◆ Assignment
Reproduce the listing in full, pictures excluded.

◆ Data provided
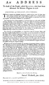 the breakaway sect abolished disownment for offenses related to military service, but otherwise maintained the Society’s “general doctrines, organization and mode of conduct in worship.” In fact, Wetherhill even penned a broadside in the Pennsylvania Gazette, which evangelizes Friends disowned for their involvement in the war.
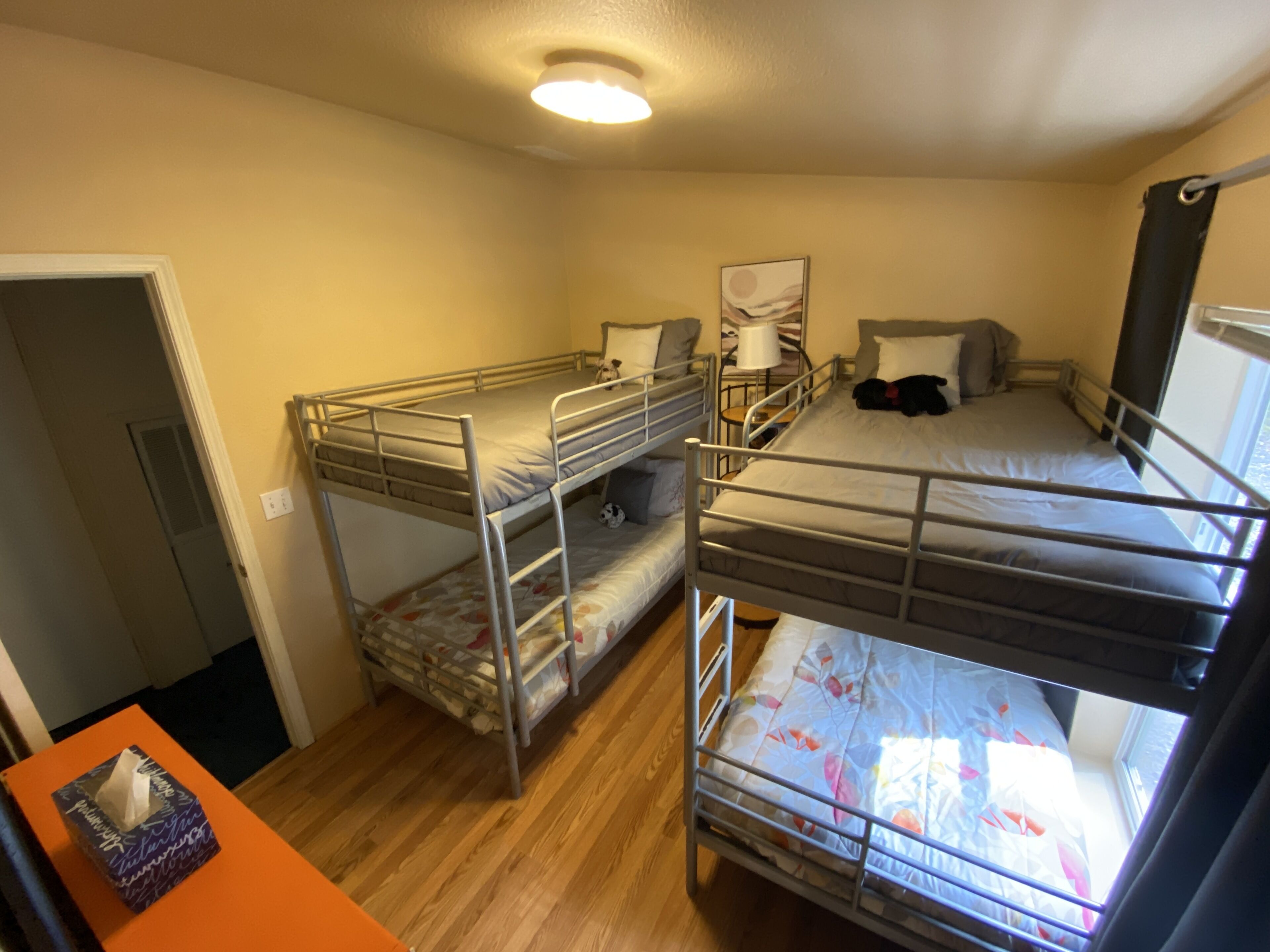 Quiet mountain retreat near Lake Cushman On a ridge at the end of a quiet cul-de-sac, our home is situated in a peaceful, wooded setting with great views of the Olympic Mountains and surrounding forest. The house is ideal for couples, families or small groups with 3-bedrooms and 2 full bathrooms. The location is a wonderful base for adventure - only minutes to Lake Cushman, Lake Kokanee and Hoodsport, and close to many popular hiking trails (Staircase, Mt. Elinor, Big Creek, Lena Lake, Mt. Rose, Murhut Falls… just to name a few).Includes entry pass to Lake Cushman and Kokanee Lake community parks and beaches. Lake Cushman 9-hole public golf course, driving range, clubhouse and tennis courts are less than a mile away.Ten miles from the Staircase entrance to the Olympic National Park, there's hiking available for all abilities.Situated on the Hood Canal, the quaint town of Hoodsport is only three miles away. There you will find a grocery store, a few dining options, wine tasting at the Hoodsport Winery, micro liquor tasting at the Hardware Distillery, and boutique shopping. And, for more dining and shopping options, Shelton is only 16 miles south of Hoodsport on 101.On a quiet double lot, there's lots of room to play both inside and out and many options for entertainment even on a rainy day.- Sleeps up to eight people (1 king bed, 1 queen bed and 4 single beds (bunk style)).- High speed wireless internet.- 62-inch smart TV with Amazon Prime, Netflix and Hulu streaming subscriptions (no cable or local TV stations).- DVD player with dozens of movies.- Board games, books and hiking guides.- Landline phone with unlimited U.S. and Canada calling. Cell coverage varies by carrier but generally is adequate for texts. Check with your carrier to enable Wi-Fi calling.- Fully equipped kitchen.- All towels and bed linens are supplied.- Washer and dryer available for use.- Large propane BBQ grill- Ample parking for multiple cars and/or RV.- Electric vehicle and RV hook-ups.
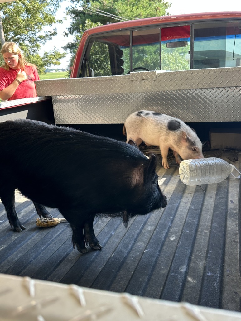 Found 2 potbelly pigs in NE Johnson county.

◆ Solution
 the breakaway sect abolished disownment for offenses related to military service, but otherwise maintained the Society’s “general doctrines, organization and mode of conduct in worship.” In fact, Wetherhill even penned a broadside in the Pennsylvania Gazette, which evangelizes Friends disowned for their involvement in the war.
 Quiet mountain retreat near Lake Cushman On a ridge at the end of a quiet cul-de-sac, our home is situated in a peaceful, wooded setting with great views of the Olympic Mountains and surrounding forest. The house is ideal for couples, families or small groups with 3-bedrooms and 2 full bathrooms. The location is a wonderful base for adventure - only minutes to Lake Cushman, Lake Kokanee and Hoodsport, and close to many popular hiking trails (Staircase, Mt. Elinor, Big Creek, Lena Lake, Mt. Rose, Murhut Falls… just to name a few).Includes entry pass to Lake Cushman and Kokanee Lake community parks and beaches. Lake Cushman 9-hole public golf course, driving range, clubhouse and tennis courts are less than a mile away.Ten miles from the Staircase entrance to the Olympic National Park, there's hiking available for all abilities.Situated on the Hood Canal, the quaint town of Hoodsport is only three miles away. There you will find a grocery store, a few dining options, wine tasting at the Hoodsport Winery, micro liquor tasting at the Hardware Distillery, and boutique shopping. And, for more dining and shopping options, Shelton is only 16 miles south of Hoodsport on 101.On a quiet double lot, there's lots of room to play both inside and out and many options for entertainment even on a rainy day.- Sleeps up to eight people (1 king bed, 1 queen bed and 4 single beds (bunk style)).- High speed wireless internet.- 62-inch smart TV with Amazon Prime, Netflix and Hulu streaming subscriptions (no cable or local TV stations).- DVD player with dozens of movies.- Board games, books and hiking guides.- Landline phone with unlimited U.S. and Canada calling. Cell coverage varies by carrier but generally is adequate for texts. Check with your carrier to enable Wi-Fi calling.- Fully equipped kitchen.- All towels and bed linens are supplied.- Washer and dryer available for use.- Large propane BBQ grill- Ample parking for multiple cars and/or RV.- Electric vehicle and RV hook-ups.
 Found 2 potbelly pigs in NE Johnson county.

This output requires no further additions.